Венгры, болгары, греки дали энергичный отпор нежданным освободителям Гроба Господня. Они беспощадно истребляли крестоносцев, отбирали захваченную ими добычу, преследовали отставших. В стычках крестоносцы несли большие потери. По свидетельству Альберта Аахенского, отряд Петра Пустынника, которому близ г. Ниша пришлось вступить в сражение с византийскими войсками, покинул город, уменьшившись на четверть.

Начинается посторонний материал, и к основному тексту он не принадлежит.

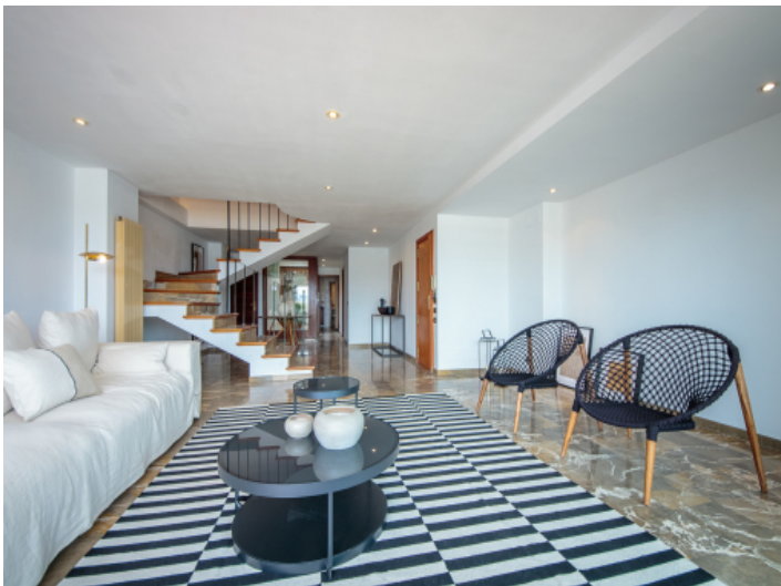
Large living area

Миновав Филиппополь и Адрианополь, бедняки-крестоносцы направились к греческой столице. Толпы крестьян стали прибывать сюда с середины июля 1096 г. Они уже значительно поредели: ведь прошло три с лишним месяца после начала похода. Первым подошел отряд Готье Неимущего, а две недели спустя, 1 августа, с ним соединился отряд Петра Пустынника. Многим крестьянам, надеявшимся обрести свободу в землях сарацин, не удалось достигнуть даже Константинополя: крестоносцы потеряли в Европе около 30 тыс. человек. Едва ли не целиком погибли отряды Фолькмара, Готшалька и Эмихо Лейнингенского, хотя сами их предводители уцелели и добрались до города на Босфоре.

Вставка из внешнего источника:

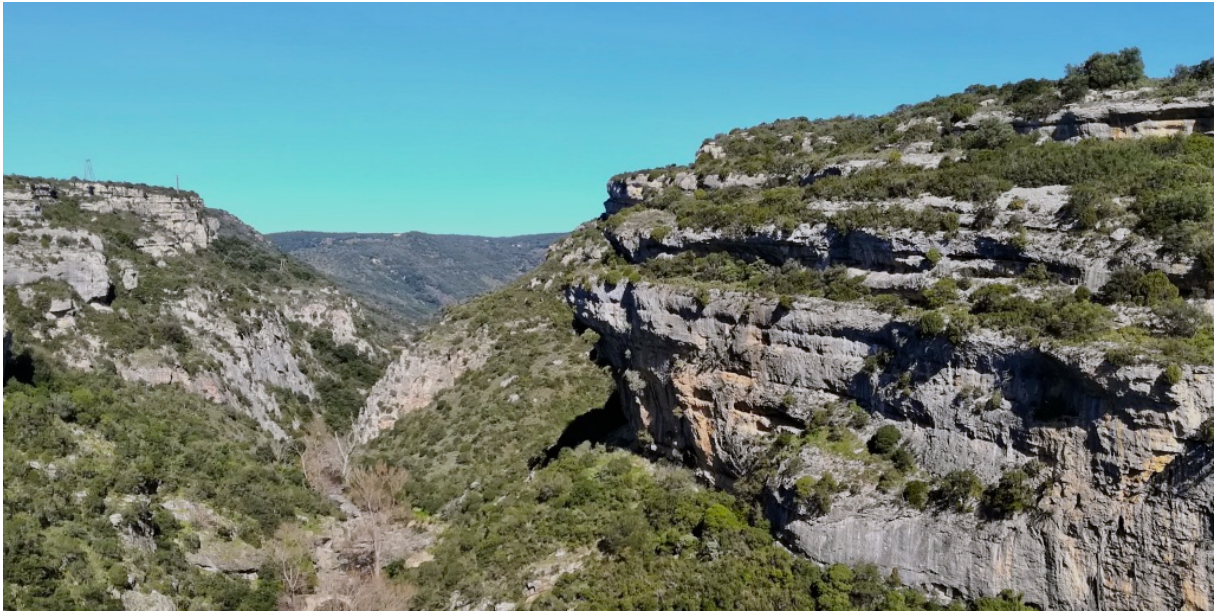
Gorges du Briant – Minerve

We started out from the top carpark at Minerve and made our way down the road into the village. Our first stop overlooking the Briant gorge offers good views towards plenty of rock face, but despite plenty of eyes to scan, no Wallcreeper were seen. We did however see a number of Jackdaws (flying around noisily all morning), quite a few Crag martins and a Raven collecting nesting material.

Деморализованные предшествующими грабежами, крестоносцы и в столице империи повели себя крайне разнузданно. Они разрушали и поджигали дворцы в предместьях города, растаскивали свинцовые плиты, которыми были выложены крыши церквей.

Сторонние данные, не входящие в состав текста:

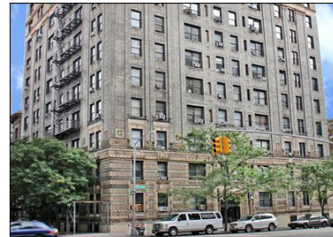
838 West End Ave.

City: New York Buyer: Akelius RE Management Purchase Price: $72 MM Price per Unit: $1,043,478

Византийское правительство вначале попыталось проявить сдержанность и терпимость по отношению к оборванным пришельцам. Алексей Комнин даже принял у себя во дворце Петра Пустынника и Фолькмара. Альберт Аахенский в своей "Иерусалимской истории" рассказывает об этой встрече следующим образом:
"Петр, будучи малого роста, имел великий разум и отличался красноречием. Императорские посланцы привели только его одного вместе с Фолькмаром к императору, чтобы тот удостоверился, верна ли дошедшая до него молва о Петре. И Петр доверчиво встал перед императором, и приветствовал его именем Господа Иисуса Христа, и поведал ему со всеми подробностями, как из любви к Христу и желая посетить его Святой Гроб он оставил родину. Он упомянул также, какие довелось ему за короткое время вынести теперь беды, и сказал императору, что вскоре за ним [Петром. — М. З.] явятся могущественные сеньоры, графы и светлейшие герцоги". В свою очередь, Алексей I посоветовал предводителю крестоносцев-оборванцев дождаться подхода крестоносцев-рыцарей. "Не переправляйтесь через Босфор до прибытия главных сил крестоносного войска, — сказал он, — вы ведь слишком малочисленны, чтобы одолеть турок". Василевс даже снабдил бедняков некоторыми средствами, чтобы дать им возможность удержаться некоторое время в столице. Куда там! Крестьяне рвались к "земле обетованной", и Алексей I, убедившись, что уговоры бесполезны, счел за лучшее поскорее избавиться от непрошеных союзников. Менее чем через неделю после прибытия Петра Пустынника в Константинополь император начал переправлять крестоносцев на азиатский берег Босфора. Толпы пришельцев были собраны и размещены лагерем на южном берегу Никомидийского залива, примерно в 35 км к северо-западу от Никеи. Отсюда отдельные отряды стали на свой страх и риск совершать более или менее отдаленные вылазки, вступали в бои с сельджуками. Петр Пустынник, принявший на себя общее командование, к которому был совершенно непригоден, пытался остановить своих воинов, но это оказалось делом безнадежным. Он вернулся в Константинополь.